Status vs Truth
Last updated
Last updated
This seems self-evident: Our ability to care about stuff is finite, so any care that isn’t truth competes with it.
Therefore, social status and intellectual honesty have an inverse relationship, like price and supply.
And why wouldn’t this be the case? Status is something you could lose. And the more you have to lose, the harder it is to prioritize truth.
Unfortunately, in the battle between status and truth, truth starts at a disadvantage: we’re biologically wired to care about social status, but caring about truth requires deliberate effort.
Bad actors often exploit this disadvantage, encouraging us to prioritize social and tribal status concerns over truth concerns. Such status-hacking is a cornerstone of modern propaganda. Consider the factual absurdity, for example, of calling Bernie Sanders endorser Joe Rogan “far-right” in response to his criticisms of COVID policy.

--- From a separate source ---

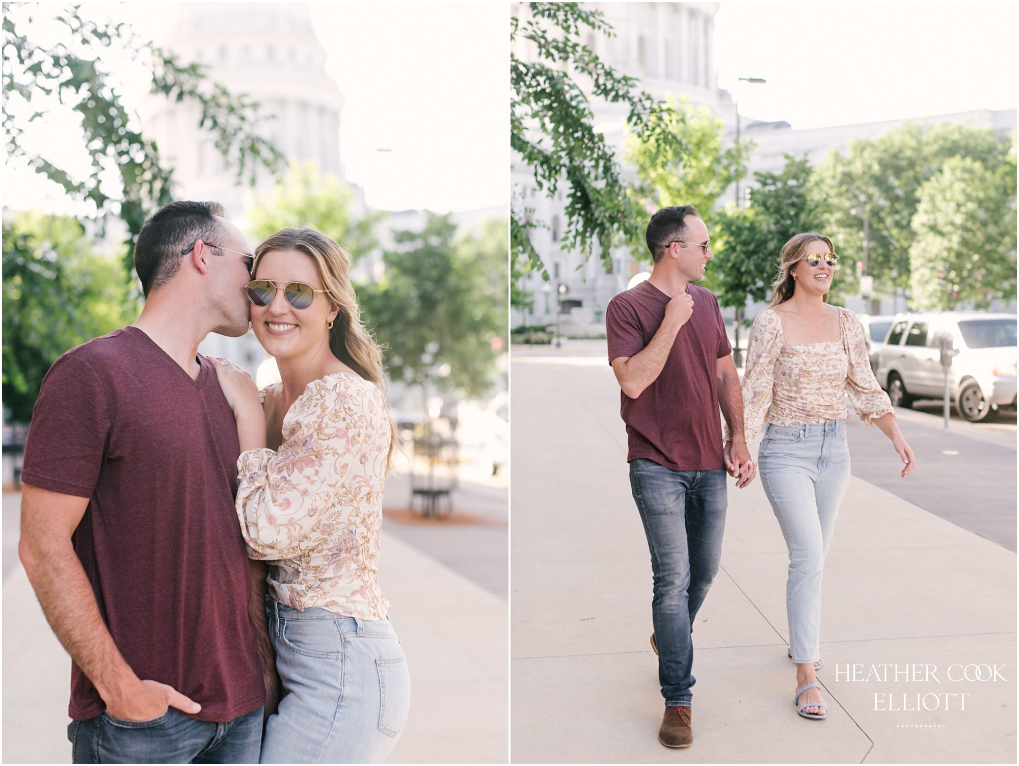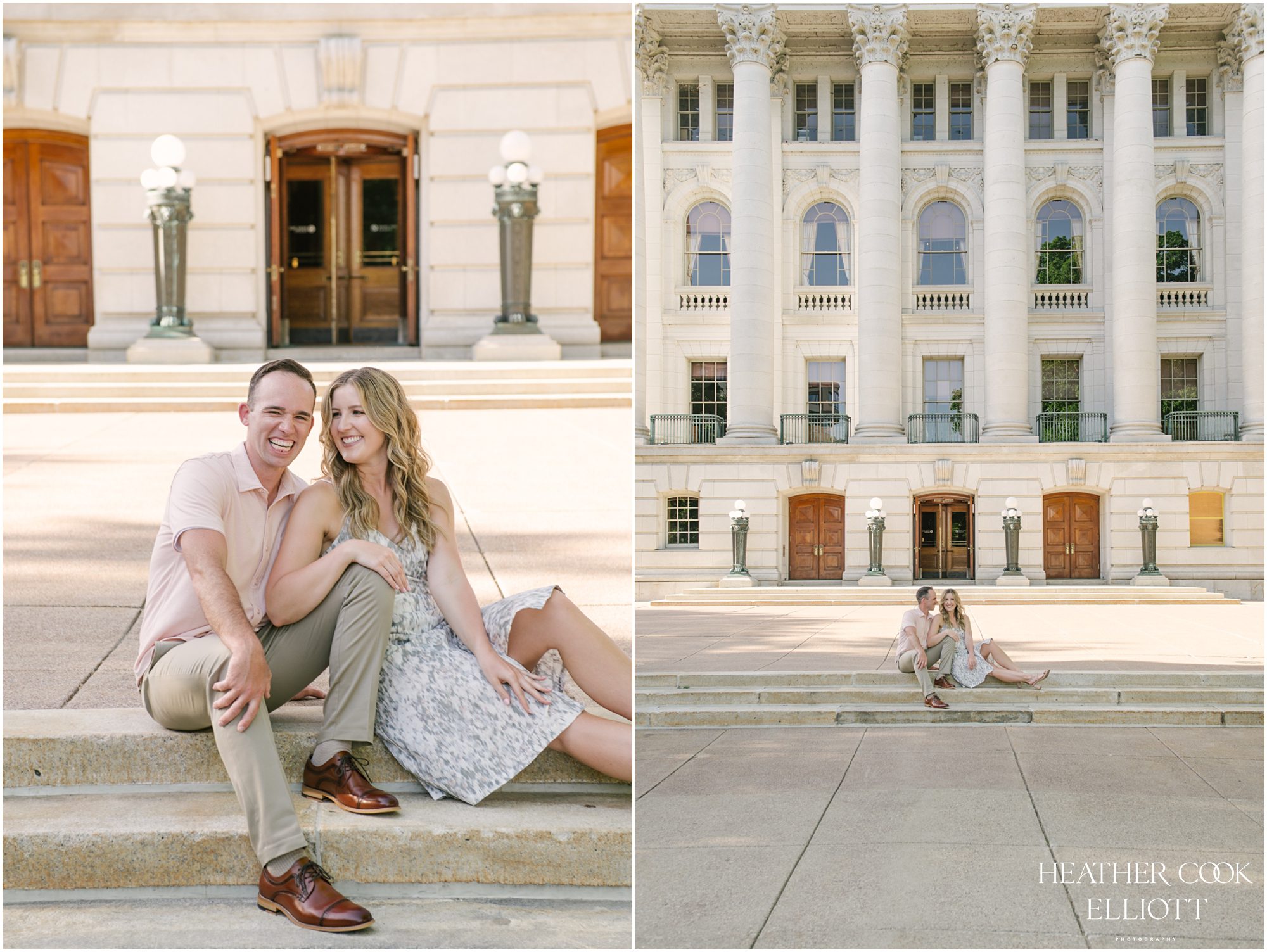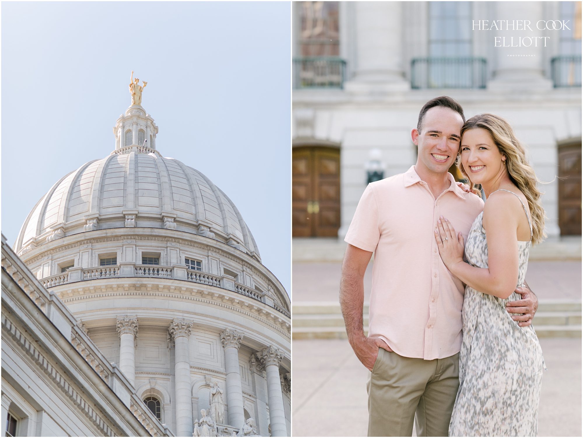 It is a pretty common theme among engaged couples that they not only plan a wedding but they pair that with buying a house, or getting a new job, or moving to a new city. But Delanee and Andrew have taken that common theme to a new level by doing all of those things while planning a wedding. In fact, this engagement session was shot in Madison on the day they sold their house just before they moved to St Louis for Andrew to start a dream job and both of them to close on a new house. Huzzah, indeed! They love Madison and will miss it dearly (and especially Lake Monona where they have been known to spend many an hour on boating) but there is an air of excitement about them and on this day that giddy, life-is-full-and-exciting atmosphere buzzed between them and right into the camera for these gorgeous shots at the iconic capital building and surrounds. So get ready to enjoy some laughter and sunshine; these two are irresistibly in love.

These tribal and status labels are not descriptive — they’re prescriptive. They instruct our emotions, not through rational argument but through threat of social humiliation: “Reject this person!”
“Pay no attention to the man behind the curtain,” the Wizard of Oz once said. Today, he’d add “…or you’re a conspiracy theorist!”
Tyrants hack our minds, by hacking our hearts.
In the internet age, you can’t stop people from looking behind the curtain by force. But if you turn not-looking into a status symbol, people won’t even want to look.
This helps explain why so many highly intelligent people have fallen victim — intelligence offers no protection from the emotional assault of modern propaganda. Only emotional qualities, like bravery and honesty, do.
Rationality is an emotional achievement — no amount of intellectual horsepower can overcome a preference for delusion. And collectively, we are only rational to the extent our environment exacerbates or diminishes our preference for delusion.
Consider the standard VC model: make 100 bets, and the 1 good one pays for 99 bad ones. Everyone understands this!
Adopting the “VC model of credulity” could obsolesce the battle between status and truth.
The VC model of credulity entertains information on the basis that being right 1 time, will outweigh the cost of looking foolish 99 other times.
The VC model of credulity pits real benefits against social costs on a level playing field, so we can perform the cost/benefit analysis on purpose instead of unconsciously.
Adapting investment frameworks for belief management means appreciating disruptions like Bitcoin, Jeffrey Epstein, UFOs, and pandemics more quickly.
“Rationality is risk management,” said Taleb. What if we take that seriously?